Myth #4: "Light" or "extra-light" olive oil is lower in calories than other olive oils.

A misleading marketing term. "Light" or "extra-light" is more accurately in reference to the taste of the oil, which after going through various processes including deodorization, is flavorless and odorless, rather than the caloric or fat content of the oil. "Light" and "extra-light" oils, like just about any other cooking oil, contain 120 calories and 14 grams of fat per tablespoon.

Myth #5: Pure olive oil is better than extra-virgin olive oil.

It may sound better, but the reverse is actually true.

Pure olive oil is mostly refined olive oil with a little extra-virgin olive oil added back in for smell and taste. A refined olive oil is made from olive oil that does not meet international standards for consumption and would otherwise be put to other (non-food-related) uses. It undergoes various processes to help remove any off-putting odors or flavors and, as a result, loses free fatty acids and what is called the "unsaponifiable fraction" — the portion of olive oil that contains antioxidants. (The term comes from the fact that it cannot be turned into soap.)

Extra-virgin olive oil, on the other hand, is the highest grade of olive oil and what can be thought of as the "purest" form, with various antioxidants and phenols that confer numerous health benefits.

It sounds like there isn't much of a reason to ever buy pure olive oil, but that's not quite true. Removing the "unsaponifiable fraction" raises the smoke point and allows you to use high-temperature cooking methods, like frying, safely (as mentioned before). And, the fatty acid profile of the olive oil remains intact — high in monounsaturated fats (typically about 70 percent of the total fat content) which help raise levels of HDL (the "good" cholesterol) and low in saturated fats. Refined olive oil also goes by the name "light," "extra-light," and just "olive oil."

Myth #6: An award-winning oil is a sure bet.

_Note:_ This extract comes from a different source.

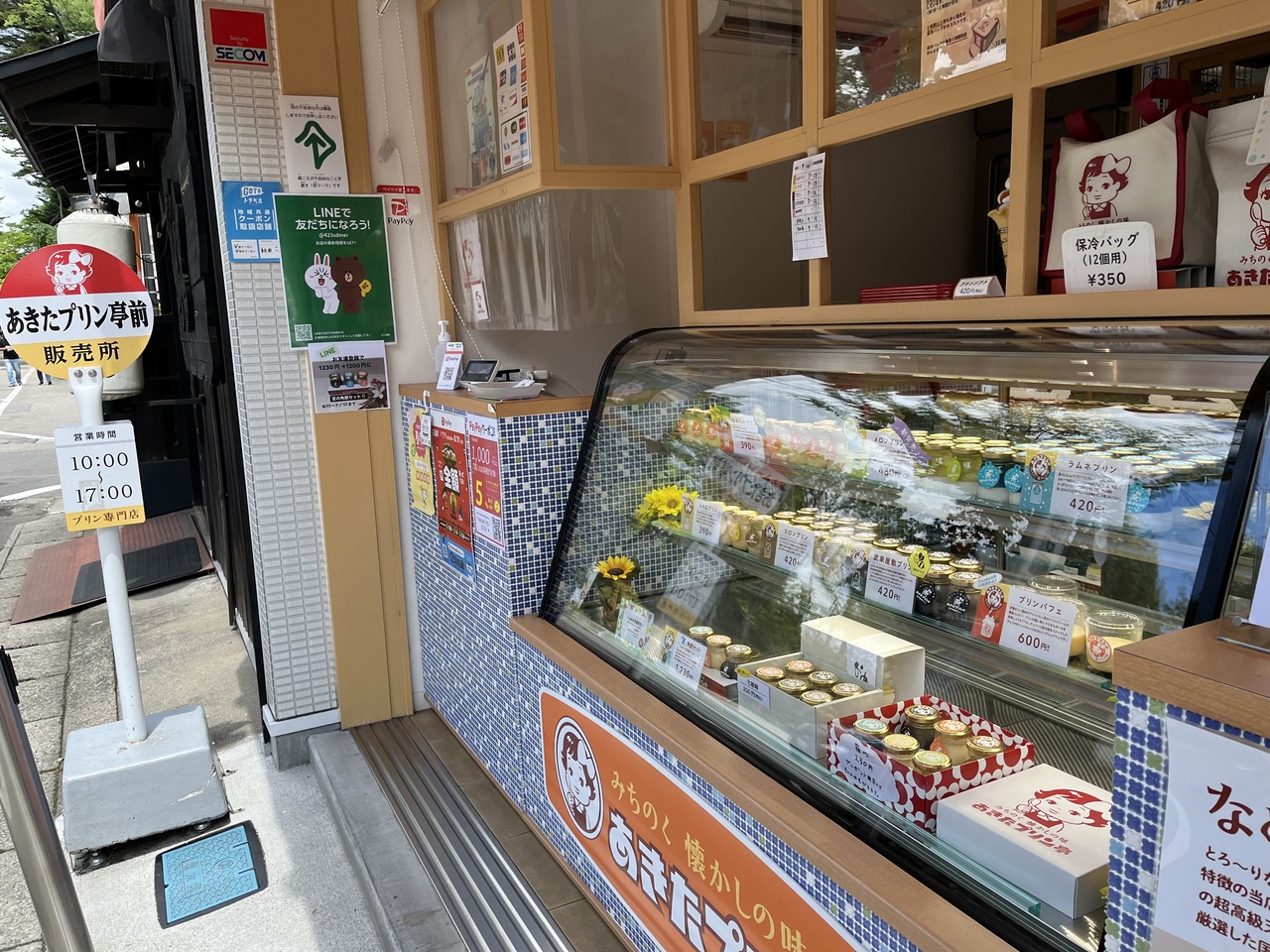 可愛い瓶に入っている美味しいプリンのお店です。なめらかとレトロのプリンを食べ、レトロの方が昔ながらの感じで好みでした。人気店の「さくらの里」に騙された私の心を美味しいスイーツで癒してくれました。角館武家屋敷の少しはずれにあるのですが、角館町屋館から食事中もたまに見ていましたがひっきりなしにお客さんが来ている様子で結構な人気店の様です。ただ食べるところはないので、角館町屋館近くのベンチなどで食べている方もいました。プリンだけでなくソフトクリームも人気の様でした。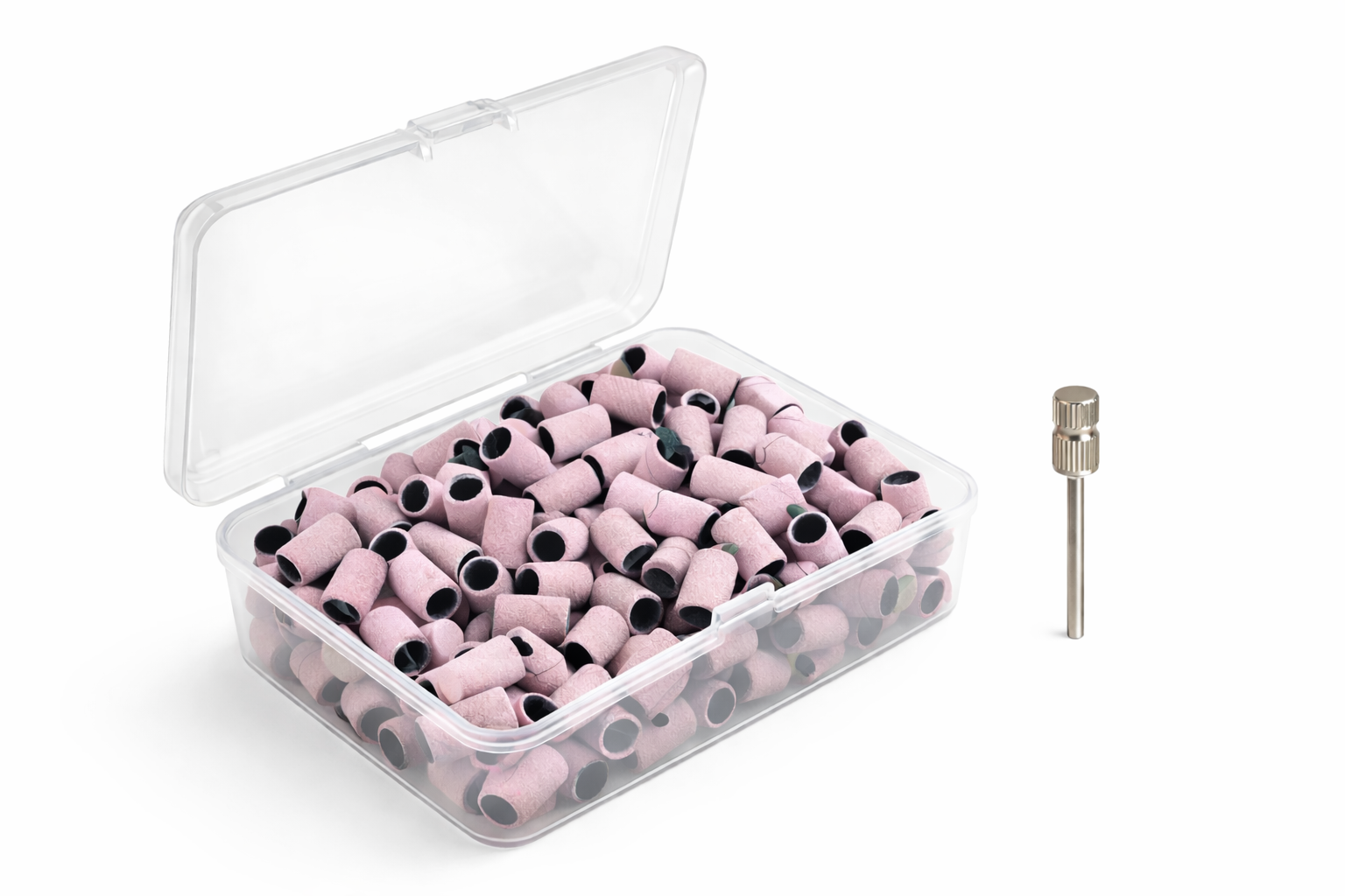 Sono all'interno di una scatola in plastica rigida e trovi all'interno 100 cilindretti e 1 mandrino.

If the bottle has a bunch of neat stickers plastered to it from competitions around the world, surely it must be a good olive oil. Right? Wrong. An oil from an award-winning producer is not necessarily an award-winning oil. In other words, the oil that's in the bottle is not necessarily the oil that won the award. The only major competition awarding medals where you can be sure you are getting what is advertised is an oil that places in the top three at Mario Solinas, a prestigious competition held in Spain and organized by the International Olive Council, an organization which creates voluntary standards for olive oil grading. To market an oil as a Mario Solinas oil, producers are only allowed to bottle their submissions to the competition — which come in a sealed tank.

To be sure, these oils are very expensive and probably are not easily found, so the main lesson here is: Don't let the stickers fool you because they might not mean much.

Myth #7: A green olive oil is bad olive oil.

Unless it's infused with something, many consumers probably aren't accustomed to seeing oil come in different colors. So when encountering a green-tinted olive oil for the first time, it's only natural to think something is wrong. But olive oil isn't just an oil — it's a juice, and if you think of it as a juice, a green coloration isn't so unusual.

According to Simon Field, instructor for Savantes, an olive oil certification program for producers, the color of an extra-virgin olive oil will vary according to the harvest date and type of olive used to make the oil. Green oils high in antioxidants like chlorophyll (the source of the green color) are often more robust in flavor, with pronounced pepperiness and bitterness (though not always the case). In addition, as an olive oil ages and certain compounds oxidize, the color will change over time.